Just a few short years ago, the Democratic Unionist Party (DUP) were the kingmakers of Westminster politics as Theresa May relied on them to keep her Conservative minority government in power.

But in a dramatic fall they now risk Sinn Fein, whose ultimate goal is a united Ireland, being elected the largest party in Northern Ireland and taking the seat of first minister.

While the republican party has struck a chord with voters in the province by promising measures to tackle the cost of living crisis, there is no doubt that the DUP’s handling of Brexit has cost it support and left it facing a nightmare result in the Stormont elections.

Like many factions in the Brexit wars, the DUP overplayed its hand when it was at its most powerful.

The party refused to support Mrs May’s Brexit deal, which included a version of the Northern Ireland Protocol that prioritised maintaining the status quo on the island of Ireland, which propped up the delicate powersharing arrangement in Stormont, as much as possible.

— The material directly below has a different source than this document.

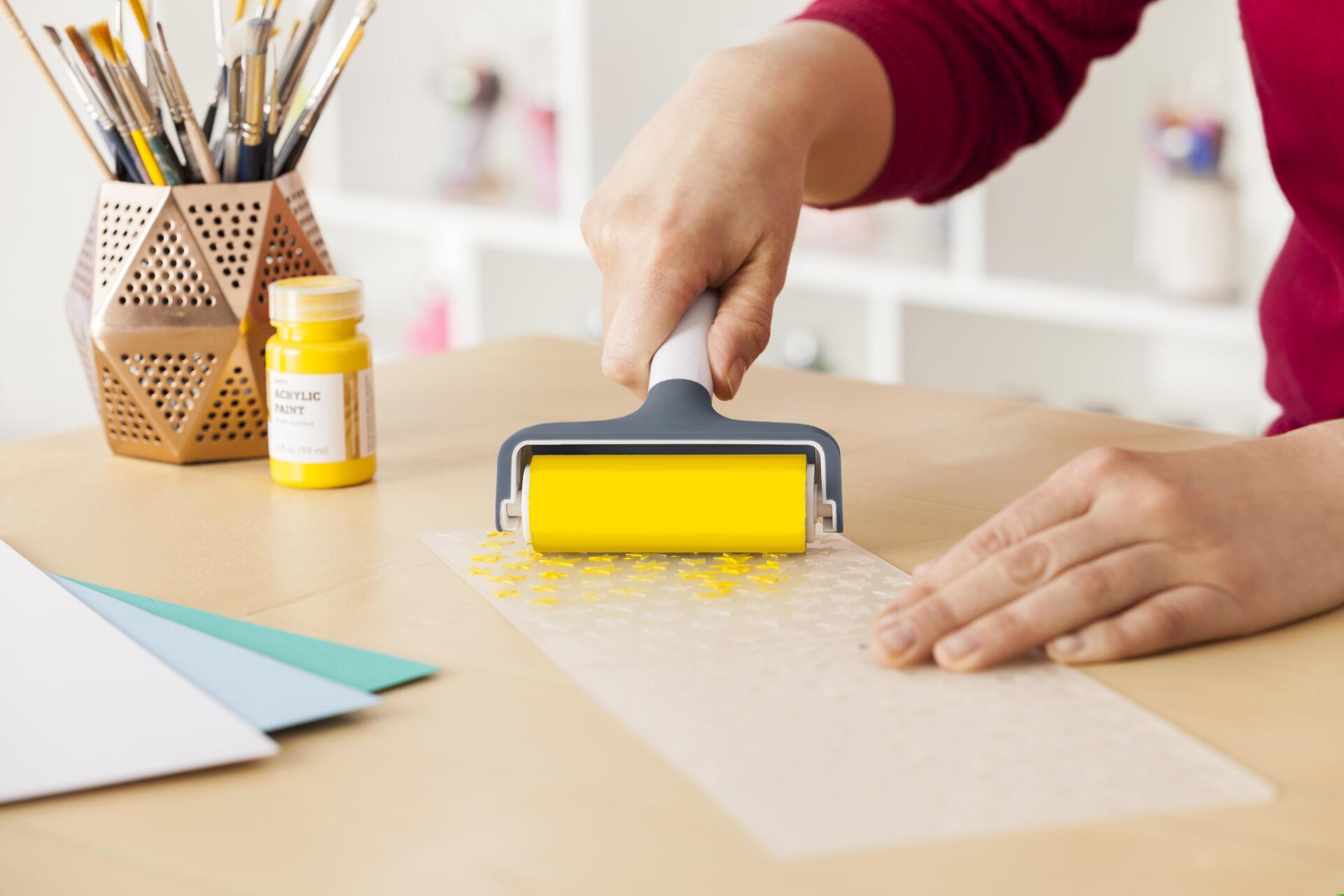 Verlängere die Lebensdauer deiner Cricut FabricGrip-Schneidematte mit diesem 2-in-1-Werkzeug-Set, das zum makellosen Auftragen und Entfernen von Stoff entwickelt wurde. Entfernt jede Falte, Blase oder Delle mit dem elegant designten Cricut-Handroller. Dieser sorgt für einen sicheren Halt des Materials auf der Schneidematte und eignet sich ideal, um Stoffe, Vinyl oder Bügelfolien anzupressen und Tinte auf Stempel aufzutragen. Die Stahlpinzette mit breiter Spitze macht das Anheben von feinen Fäden und Materialüberschuss von der Matte leicht, ohne die Klebeseite zu berühren.

She made the decision to square the impossible circle that was Northern Ireland and Brexit by sacrificing the UK’s ability to strike free trade deals around the world in order to maintain largely invisible borders on the island of Ireland and in the Irish Sea.

It cost her the support of Tory Brexit rebels, and it wasn’t enough for the DUP, and Mrs May and her deal were toppled.

Boris Johnson took over and made the impossible promise – that he would ensure trade freedom for the whole of the UK, an invisible Irish border, and that there would only be an Irish Sea border “over my dead body”.

The DUP made the mistake of believing him, only for the Prime Minister to sell them out by agreeing a Protocol with then-Irish PM Leo Varadkar which would introduce onerous checks on trade in the Irish Sea between Northern Ireland and the rest of the UK.

Despite Mr Johnson’s repeated claims that there would be “no checks”, it was clear what was in the deal.

The DUP withdrew support, but Mr Johnson’s Tories won an 80-seat majority in the Brexit election of 2019 and blew their parliamentary role into insignificance.

The party is now feeling the consequences of failing to make its power count for unionists in Northern Ireland.